**What needs to be done**
Every line in the data below from the one containing "泰州裝配式建筑生產(chǎn" down to the one containing "11月18日,福建队组合黄东", both included, must be retyped exactly; no other line is to appear.
==== Given records
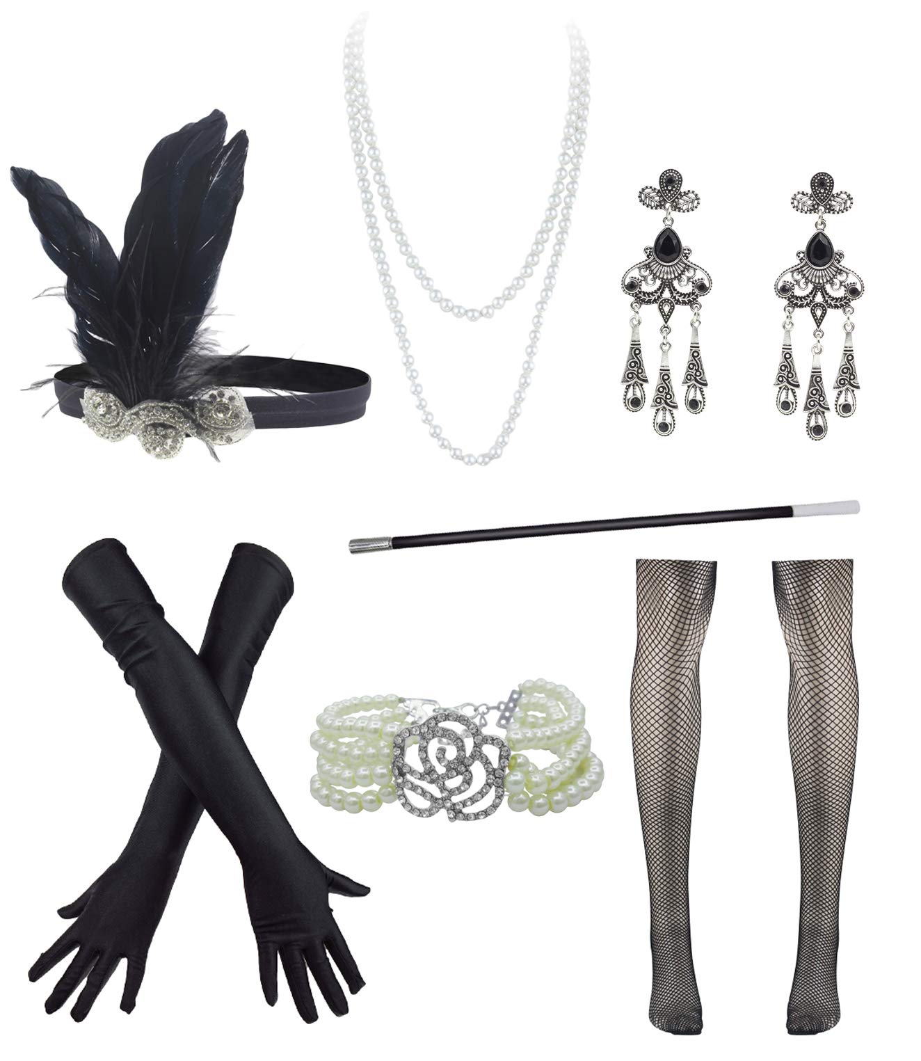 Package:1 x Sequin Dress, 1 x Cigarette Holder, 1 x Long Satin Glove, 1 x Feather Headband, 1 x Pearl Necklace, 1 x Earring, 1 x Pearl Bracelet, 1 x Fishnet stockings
========
==== Given records
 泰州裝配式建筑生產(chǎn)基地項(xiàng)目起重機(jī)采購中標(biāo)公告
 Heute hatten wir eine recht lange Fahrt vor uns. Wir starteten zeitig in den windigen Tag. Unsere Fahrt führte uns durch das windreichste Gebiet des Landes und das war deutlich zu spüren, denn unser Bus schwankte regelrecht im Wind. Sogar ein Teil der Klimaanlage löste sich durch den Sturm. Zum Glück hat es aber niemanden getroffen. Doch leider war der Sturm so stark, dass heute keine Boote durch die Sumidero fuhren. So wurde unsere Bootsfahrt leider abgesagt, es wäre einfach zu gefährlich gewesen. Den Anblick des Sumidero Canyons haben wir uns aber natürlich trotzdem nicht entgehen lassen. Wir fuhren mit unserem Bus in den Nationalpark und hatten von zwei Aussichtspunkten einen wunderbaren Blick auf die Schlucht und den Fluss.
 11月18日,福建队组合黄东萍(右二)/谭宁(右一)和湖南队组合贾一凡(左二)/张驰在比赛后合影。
========
**Output below**
 泰州裝配式建筑生產(chǎn)基地項(xiàng)目起重機(jī)采購中標(biāo)公告
 Heute hatten wir eine recht lange Fahrt vor uns. Wir starteten zeitig in den windigen Tag. Unsere Fahrt führte uns durch das windreichste Gebiet des Landes und das war deutlich zu spüren, denn unser Bus schwankte regelrecht im Wind. Sogar ein Teil der Klimaanlage löste sich durch den Sturm. Zum Glück hat es aber niemanden getroffen. Doch leider war der Sturm so stark, dass heute keine Boote durch die Sumidero fuhren. So wurde unsere Bootsfahrt leider abgesagt, es wäre einfach zu gefährlich gewesen. Den Anblick des Sumidero Canyons haben wir uns aber natürlich trotzdem nicht entgehen lassen. Wir fuhren mit unserem Bus in den Nationalpark und hatten von zwei Aussichtspunkten einen wunderbaren Blick auf die Schlucht und den Fluss.
 11月18日,福建队组合黄东萍(右二)/谭宁(右一)和湖南队组合贾一凡(左二)/张驰在比赛后合影。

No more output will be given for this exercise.